The impact of sports betting will continue to play a major role in the Indian gaming industry in 2020.

The NFL is on target to earn $2.3 billion annually from legal sports betting, according to the American Gaming Association (AGA). In addition, seven NFL teams currently have relationships with gaming operators and that number will continue to increase.

The Chickasaw Nation and WinStar Casino recently signed a deal with the Dallas Cowboys to become their official casino sponsor, the Green Bay Packers expanded their relationship with the Oneida Casino and the Buffalo Bills with Seneca Resorts and Casinos.

We can also expect to see more states to legalize sports betting. Currently, 13 states have passed full scale legalized sports betting with many more having recent bills passed or introduced to the state legislatures.  

Corruption, both internally and externally, have been raised as concerns as the sports betting market expands.

Outside of Nevada, this is “new business” for the U.S., and regulatory challenges will occur, including issues surrounding regulatory fees, Title 31/AML compliance, corruption and bribery, payment processing, identity theft (mobile betting) and banking considerations.

Fortunately, regulators have a world of experience to draw upon, gleaning intelligence from jurisdictions around the globe where sports betting has been legal for decades.

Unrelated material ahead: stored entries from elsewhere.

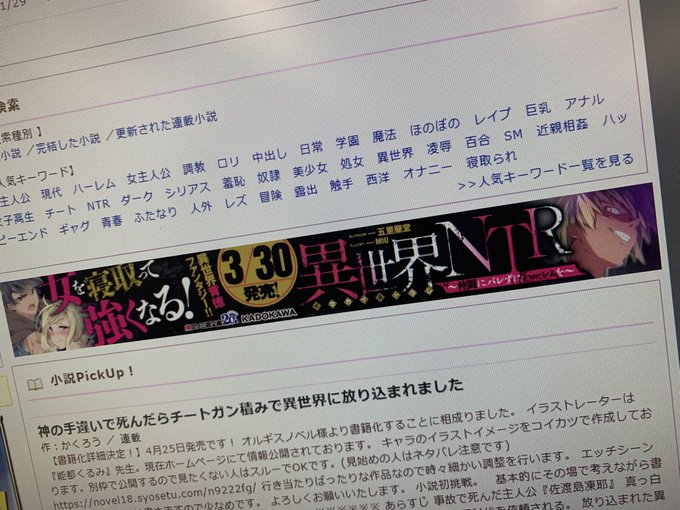 ノクターンノベルズのTOP画面に異世界NTRのバナー広告が表示されるようになりました!! なんかいろんな属性の単語が並んでるすぐ下に置かれるとエロ落書きされてる気分になりますね!
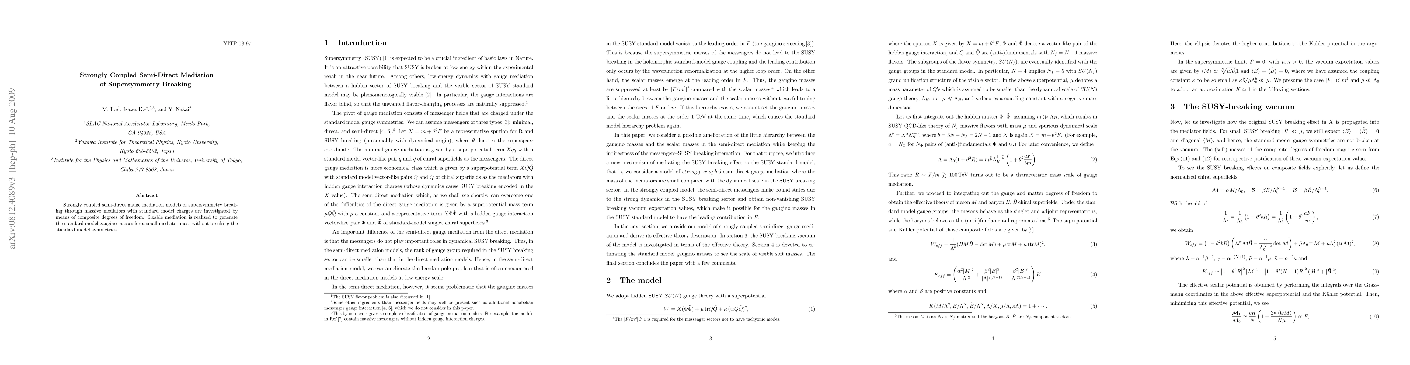 This paper explores strongly coupled semi-direct mediation models where supersymmetry breaking is transmitted via massive, Standard Model-charged mediators, utilizing composite degrees of freedom to achieve sizable mediation and standard model gaugino masses without violating Standard Model symmetries.
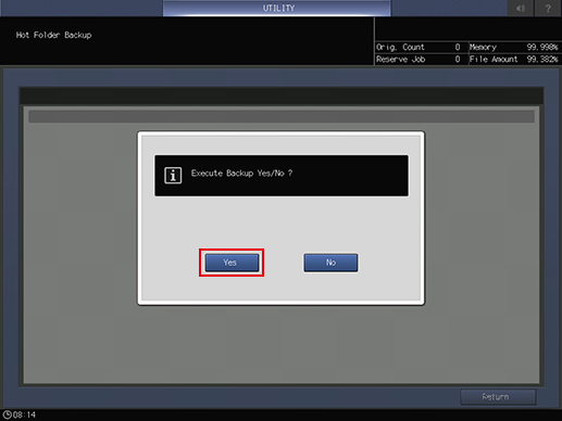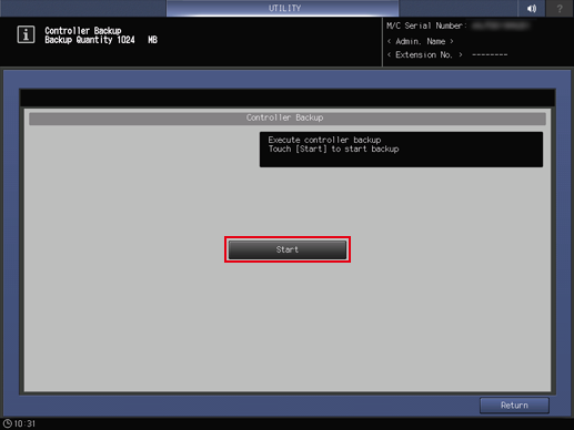 Press [Start] to start the backup of the settings data stored on the Image Controller.
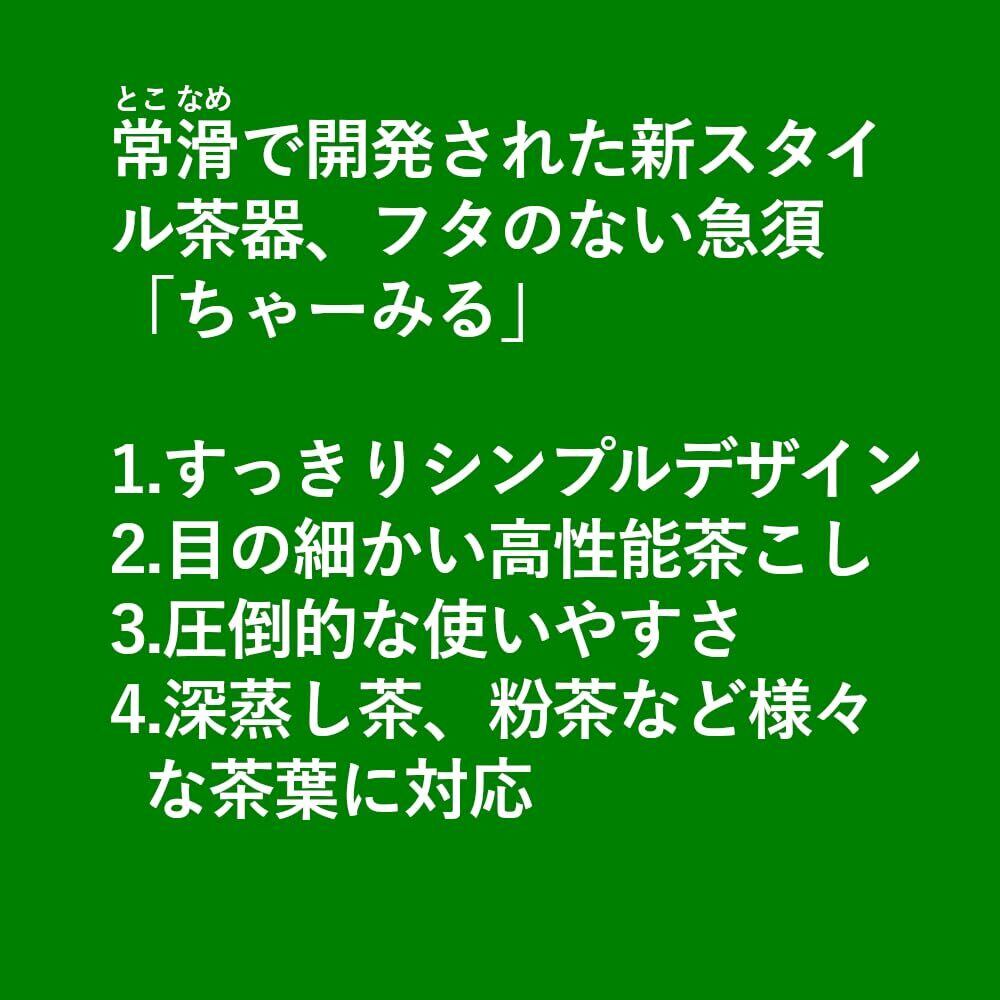 常滑で「ちゃーみる」と呼ばれるフタ無し急須。深蒸し茶にも対応の高性能、片手で楽々使えます。持ちやすさ使いやすさを追求した機能型急須。少し長めに設計された持ち手、茶葉を取り出しやすく茶湯がこぼれにくい構造です。慣れてくると意外に快適、用途の広い「フタ無し急須」。冷茶・水出し茶用急須としてもおススメします。
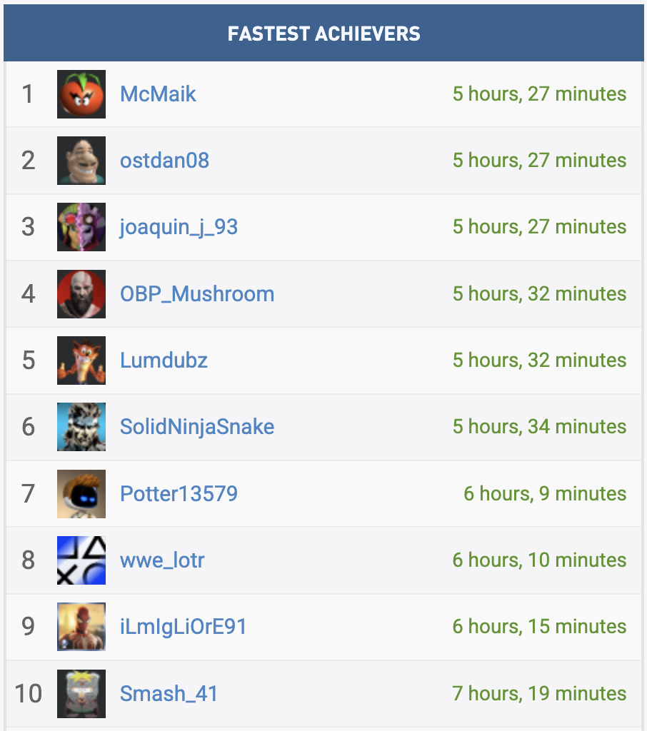 16. Für die Platin habe ich 19 Stunden gebraucht, aber nur weil ich das Spiel schon davor gespielt habe.
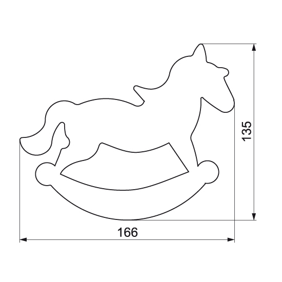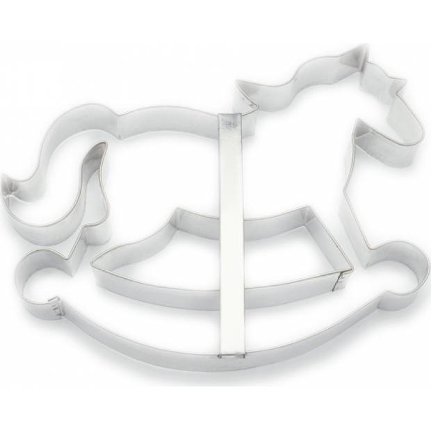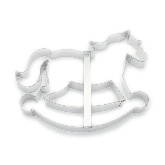 Vykrajovátko na cukroví ve tvaru houpacího koně s rozměry 16 x 13,5 cm. Vykrajovátko je vyrobené z kvalitního pocínovaného plechu. Ostrá spodní hrana vykrajovátka, zdvojený horní okraj a spona v nejširší části zaručují vždy dokonale vykrojený tvar.
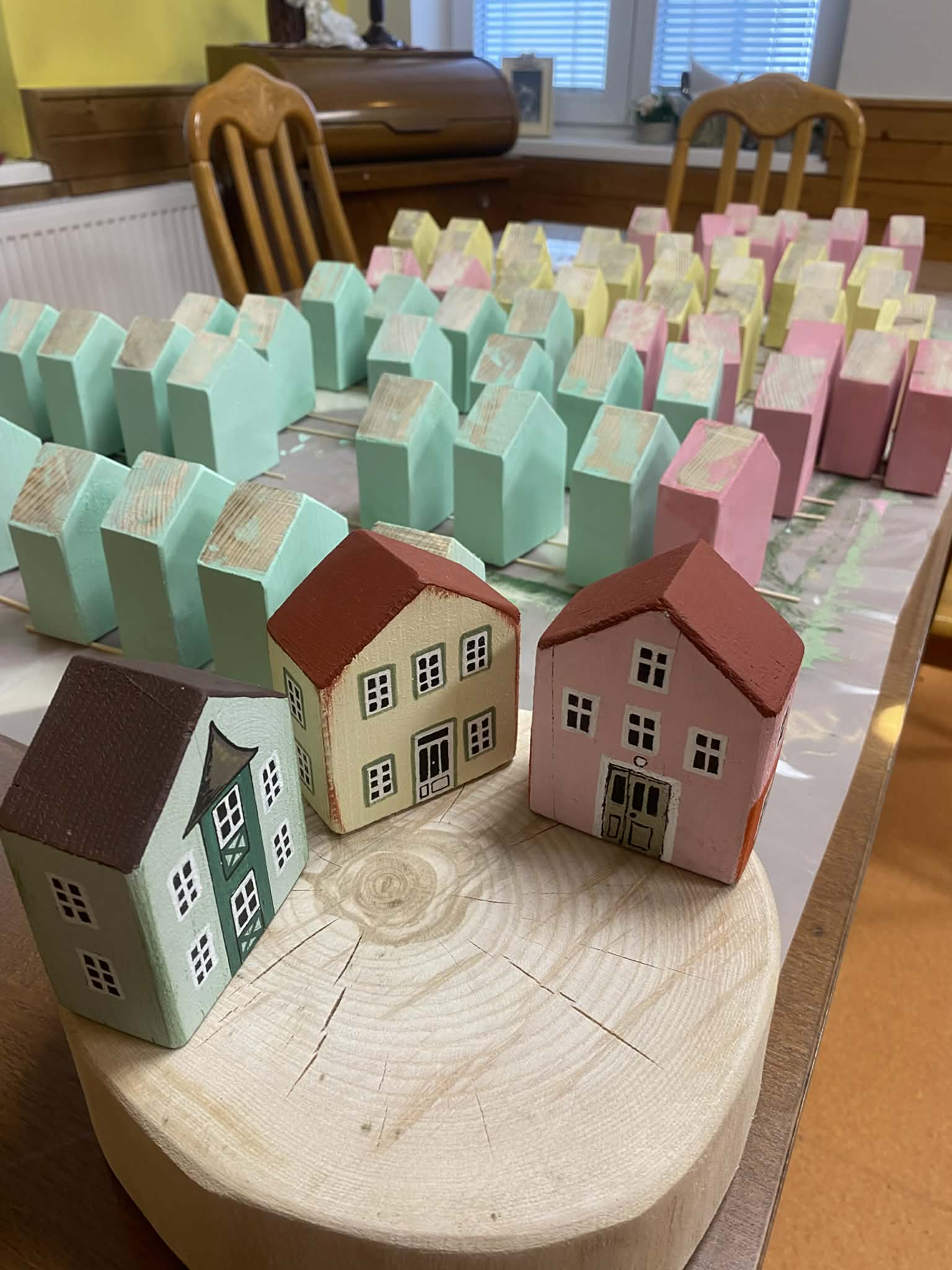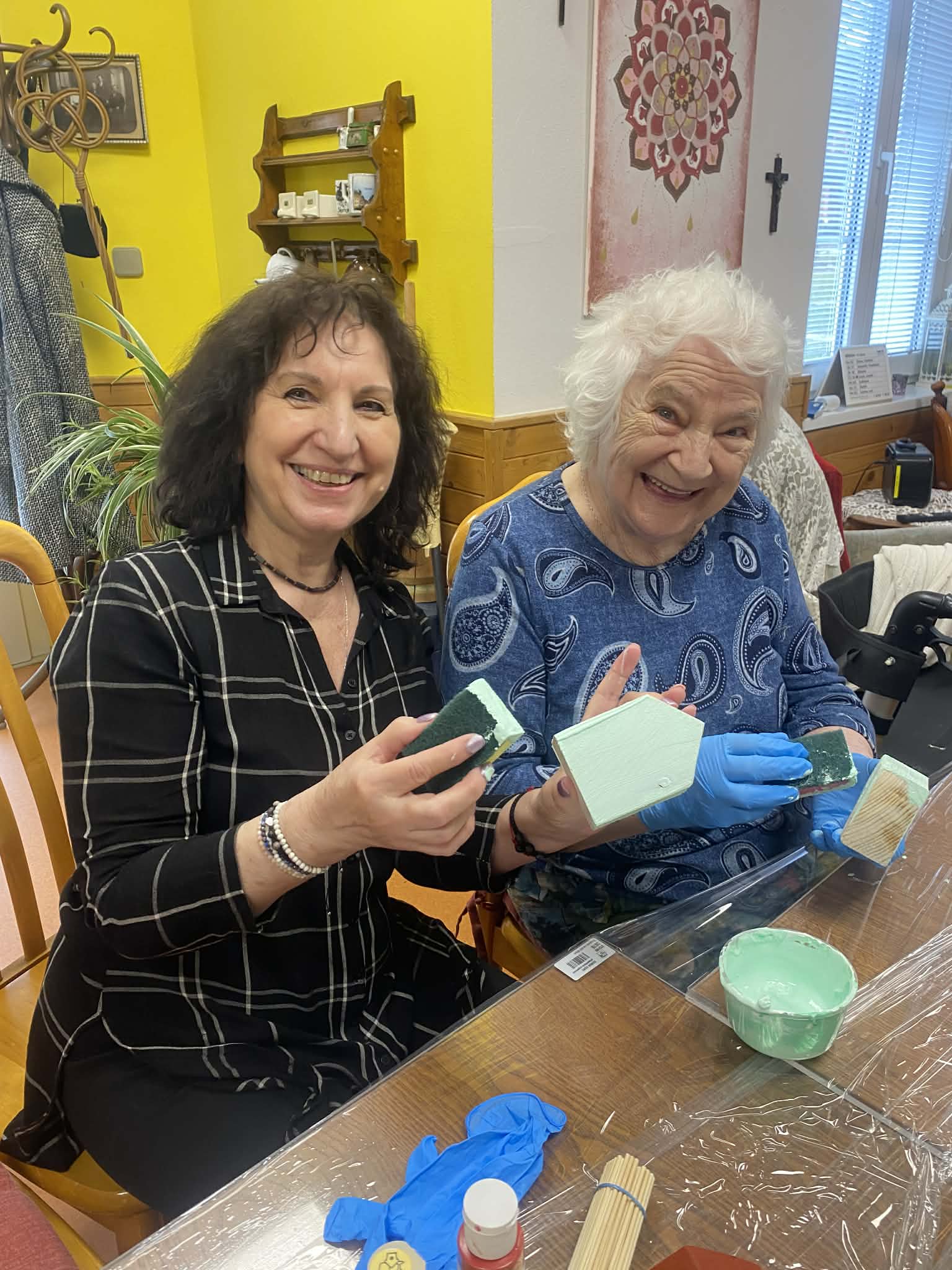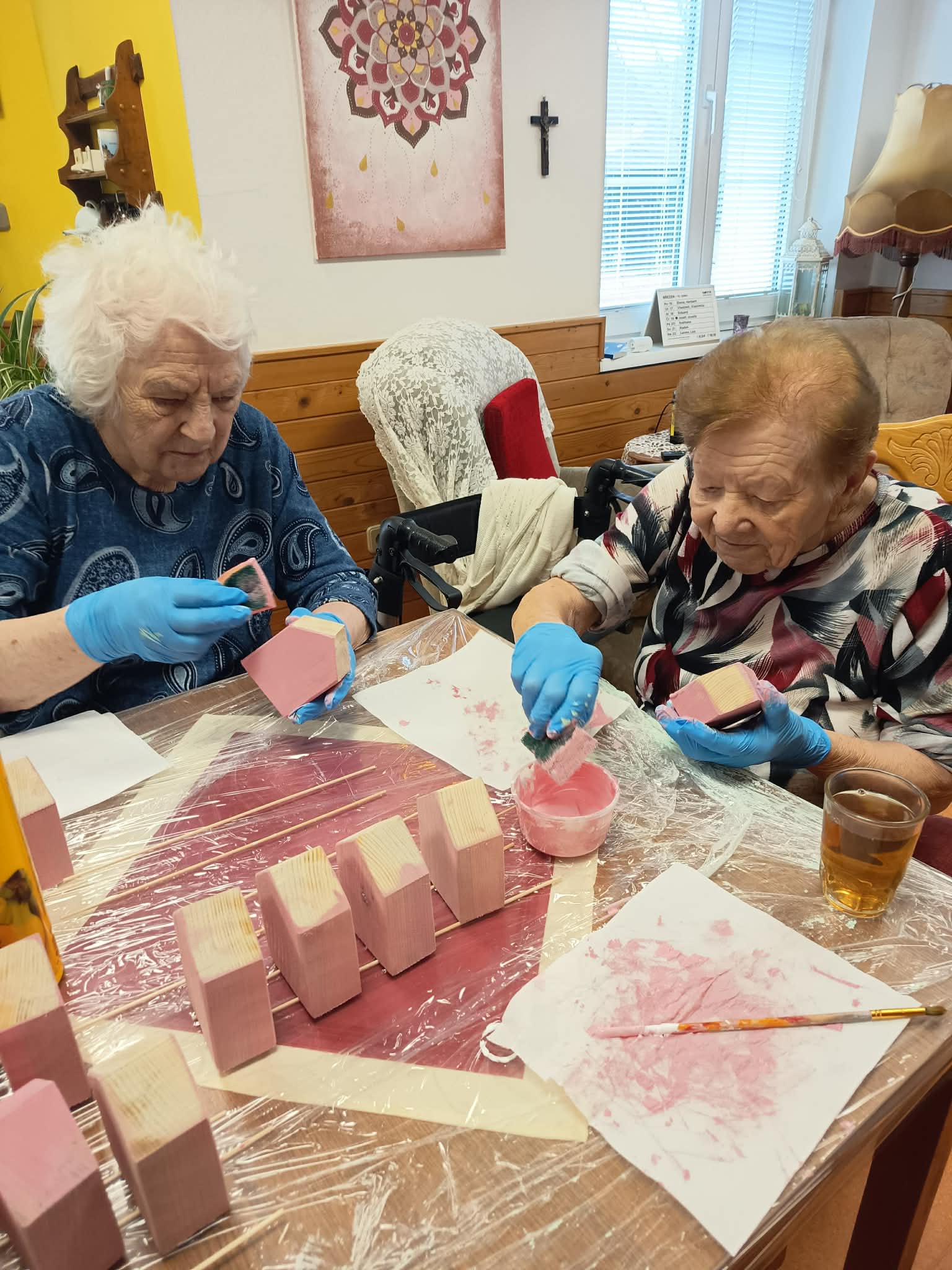 Ve středu 18. března jsme se sešly v jídelně na Vile, kde panovala příjemná a tvořivá atmosféra. Společně jsme se pustily do malování domečků v barvách našeho Domova – Vily, Domku i Kuchyně. Práce nás všechny velmi bavila, vzájemně jsme si pomáhaly, inspirovaly se a sdílely radost z tvoření. Velkou radost nám udělalo také zapojení členů rodiny, kteří přišli podpořit své blízké a strávit s námi příjemný čas. Díky jejich účasti měla celá akce ještě srdečnější a slavnostnější nádech. Všem patří velké poděkování za jejich snahu, kreativitu i dobrou náladu.

With regulated markets and proper resources, corruption should be less of a concern as it was in the past where anyone could bet illegally with bookies or online out of the U.S.

You can also expect 2020 to be a busy year for accountants with the new changes related to lease accounting, GASB 87, that will be effective after Dec. 15, 2019. This new lease standard fundamentally alters lease accounting for tribal entities.

Depending on the type of leases at your facility, this could have a serious financial statement impact.

It will be important for leadership to understand possible accounting impact of changes of key stakeholders from debt covenants, operational ratios, profitability that distribution may be tied to and note disclosures. The analysis will be key and should involve compiling all your leases, establish the terms of each lease, calculate the value of the asset or liability related to the lease and review the related journal entries.